Official documentation
API reference manuals
Open source project examples
Technical community discussions

Linear Regression with Gradient Descent

Why Gradient Descent for Linear Regression?

Linear regression has a closed-form solution: $\hat{\theta} = (X^T X)^{-1} X^T y$. But gradient descent is preferred when:

| Scenario | Closed-Form | Gradient Descent | |----------|-------------|------------------| | n_features > 10,000 | ❌ O(n³) matrix inversion | ✅ O(n²) per epoch | | Streaming data | ❌ Must retrain from scratch | ✅ Online updates | | Ridge/Lasso regularization | ✅ Still closed-form | ✅ Works naturally | | Feature count > sample count | ❌ Matrix singular | ✅ Works fine |

Mean Squared Error Loss

$$J(\theta) = \frac{1}{m} \sum_{i=1}^m (h_\theta(x^{(i)}) - y^{(i)})^2$$

$$\frac{\partial J}{\partial \theta_j} = \frac{2}{m} \sum_{i=1}^m (h_\theta(x^{(i)}) - y^{(i)}) \cdot x_j^{(i)}$$

Complete Training Comparison

import numpy as np
from sklearn.linear_model import LinearRegression
from sklearn.metrics import r2_score

# Train custom Adam
w, b = train_adam(X_train, y_train)
y_pred_custom = X_test @ w + b
r2_custom = r2_score(y_test, y_pred_custom)

# Train sklearn
sk_model = LinearRegression()
sk_model.fit(X_train, y_train)
y_pred_sklearn = sk_model.predict(X_test)
r2_sklearn = r2_score(y_test, y_pred_sklearn)

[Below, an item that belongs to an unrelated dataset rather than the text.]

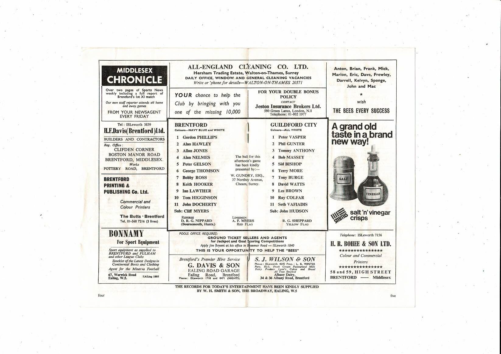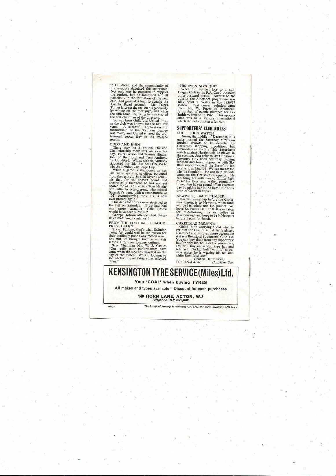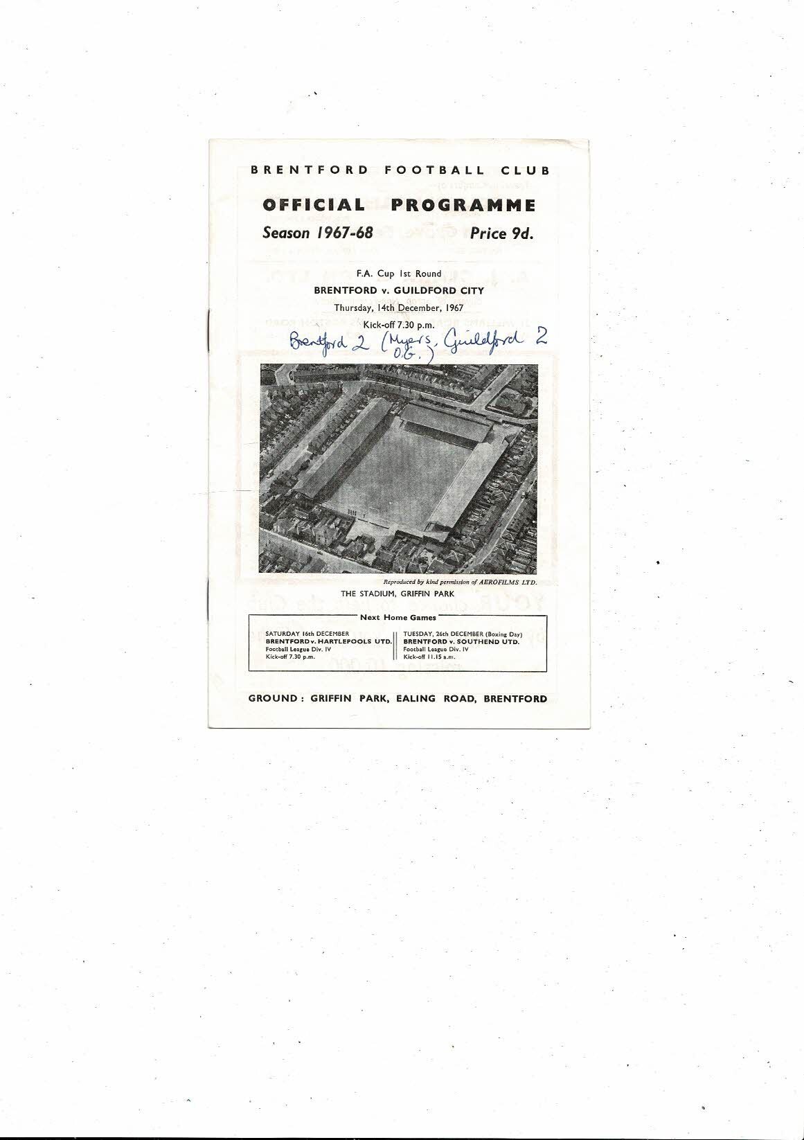 Brentford v Guildford City FA Cup Football Programme 1967/68 14th December - Rearranged fixture
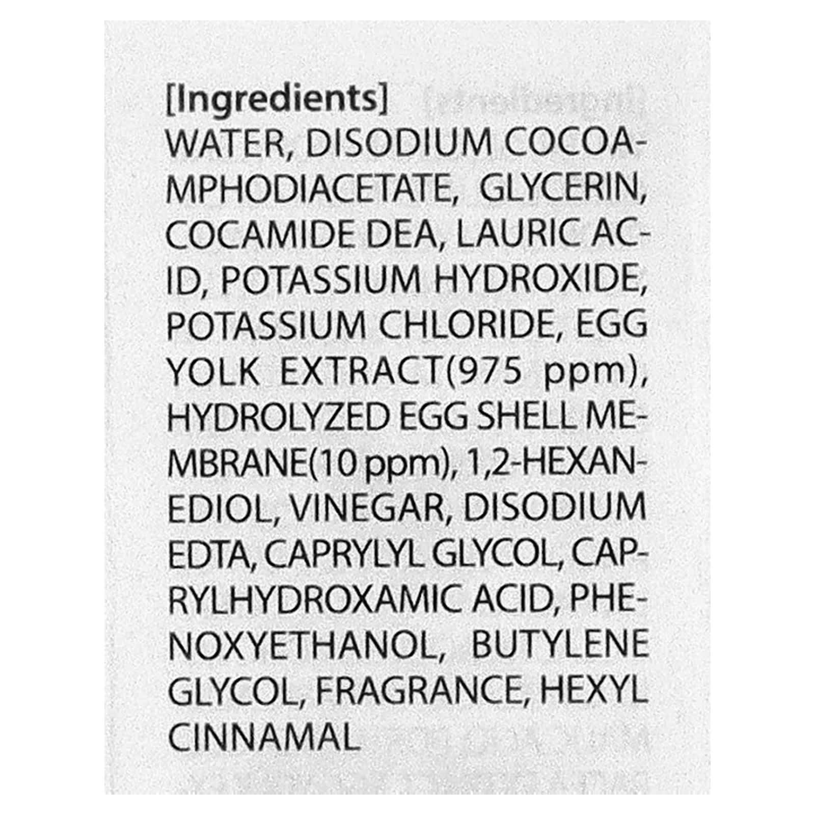 Вода, глицерин, пропиленгликоль, кватерний-60, карбомер, глицерил полиакрилат, экстракт плодов черники (Vaccinium myrtillus), экстракт сахарного тростника (Saccharum officinarum), экстракт сахарного клена (Acer saccharum), экстракт плодов апельсина (Citrus aurantium dulcis), экстракт плодов лимона (Citrus limon), молочная кислота, гликолевая кислота, лимонная кислота, винная кислота, яблочная кислота, экстракт портулака огородного (Portulaca oleracea), экстракт яичного желтка, гидролизованная мембрана яичной скорлупы, целлюлоза, 1,2-гександиол, уксус, двунатриевая ЭДТК, каприлилгликоль, каприлгидроксаминовая кислота, феноксиэтанол, бутиленгликоль, отдушка, гексил циннамал, бутилфенил метилпропиональ.

print(f"Custom Adam R²: {r2_custom:.4f}")
print(f"sklearn R²:     {r2_sklearn:.4f}")
print(f"Weights match:  {np.allclose(w.flatten(), sk_model.coef_.flatten(), atol=0.1)}")

Evaluation Metrics

| Metric | Formula | Range | Best | |--------|---------|-------|------| | R² (coefficient of determination) | $1 - \frac{\sum(y_i - \hat{y}_i)^2}{\sum(y_i - \bar{y})^2}$ | (-∞, 1] | 1.0 | | MAE (Mean Absolute Error) | $\frac{1}{n} \sum |y_i - \hat{y}_i|$ | [0, ∞) | 0 | | RMSE (Root Mean Squared Error) | $\sqrt{\frac{1}{n} \sum (y_i - \hat{y}_i)^2}$ | [0, ∞) | 0 |

Key Takeaways

| Linear regression predicts continuous values from features | | Closed-form (normal equation) works for small feature sets | | Gradient descent scales to millions of features | | Adam optimizer converges faster than standard GD | | Standardize features before training for stable convergence | | R² measures how much variance the model explains | | RMSE is in the same units as the target variable | | Custom implementation + sklearn comparison validates correctness |

Next Chapter: Advanced Topics

This course continues with advanced optimization topics.